Streptavidin hrp

After electrophoresis, the gels were blotted to an Immobilon-P PVDF Membrane (Merck Millipore, Burlington, MA, US) using Trans-Blot SD Semi-Dry Transfer Cell (Bio-Rad Laboratories) at 200 mA for 80 minutes. After blocking with 1% bovine serum albumin (BSA) (VWR, Radnor, PA, US), the membranes were probed with 1 μg/mL mAb 9G3 against the glycosylated epitope ‘KEPAPTTT’ in the lubricin mucin domain (Merck KGaA, Darmstadt, Germany¹² ) or polyclonal anti-CG antibody (Abcam, UK) 1/1000 diluted in assay buffer (1% BSA in PBS-Tween) for detection of endogenous CG in SF, followed by Horseradish Peroxidase (HRP) conjugated goat anti-mouse IgG (H + L) highly cross-adsorbed secondary antibody (Invitrogen, USA) 1/4000 diluted in assay buffer. For the lectin staining assay, blots were first probed by 1 μg/ml biotinylated Peanut Agglutinin (PNA, Vector laboratories, CA,USA) followed by 0.2 μg/ml HRP-streptavidin (Vector laboratories). After incubations, membranes were stained by WesternBright ECL Spray (Advansta, USA) and visualized in a luminescent image analyser (LAS-4000 mini, Fujifilm, Japan). Band intensities were calculated by ImageJ 1.50i^{53 (link)}.

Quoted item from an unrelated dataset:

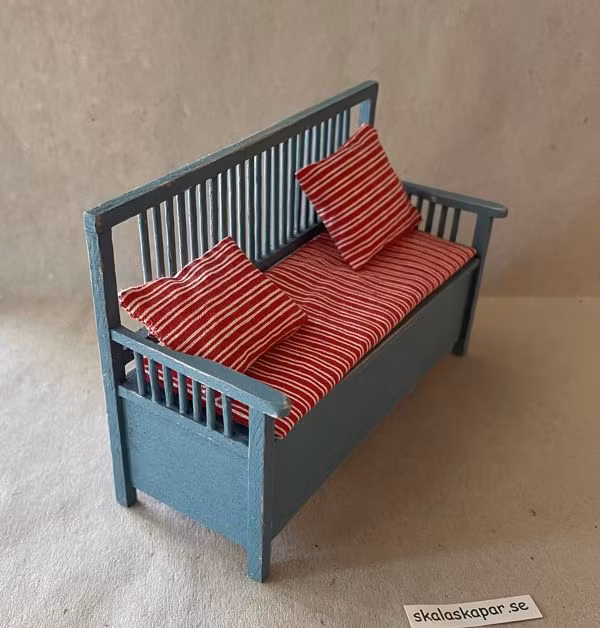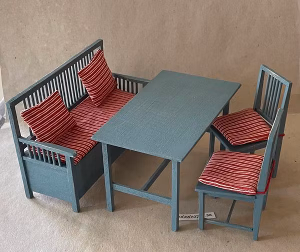 Set med kökssoffa, två stolar och ett bord i skala 1:12. Möblerna är byggda i lindträ från "lösvirke". De är målade i en gråblå färg. De är gjorda lite slitna. Dynor och kuddar är sydda av handtryckt tyg, silkscreenteknik.

An in-house ELISA method was set-up and validated for measuring lubricin concentrations in SF, adapted from others^{54 (link),55 (link)}. Monoclonal antibody 9G3 (1 μg/mL in PBS) was coated on 96-well Nunc-Immuno maxisorp plates (Thermo Fisher Scientific) at 4 °C over-night. After blocking with 3% BSA in PBS + 0.05% Tween, SF samples were added as a dilution series (1/50) in assay buffer (1% BSA in PBS-Tween) and incubated for 1 hour at room temperature (RT). Bound proteins were then incubated with biotinylated PNA (Vector laboratories) (1 μg/mL, 1 hour at RT), followed by HRP-streptavidin (Vector laboratories) at 0.1 μg/mL (1 hour at RT). Between each incubation, the wells were washed three times with PBS-Tween to remove unbound reagents. Proteins were stained with 1-Step Ultra TMB-ELISA Substrate Solution (Thermo Fisher Scientific) until blue colour was fully generated and the reaction stopped by adding 1 M H₂SO₄. Absorbances were read at 450 nm, and compared with a standard curve using recombinant lubricin (dilution series of rhPRG4 (1 mg/mL) in assay buffer). Samples were measured in duplicates and mean values are reported. The lubricin ELISA had an intra plate CV = 7.5% (n = 1 SF sample with 10 repeats) and a inter plate CV% = 7.8% (n = 1 SF sample, tested on 4 plates). Technical performance of the assay is summarized in Supplementary Table 3.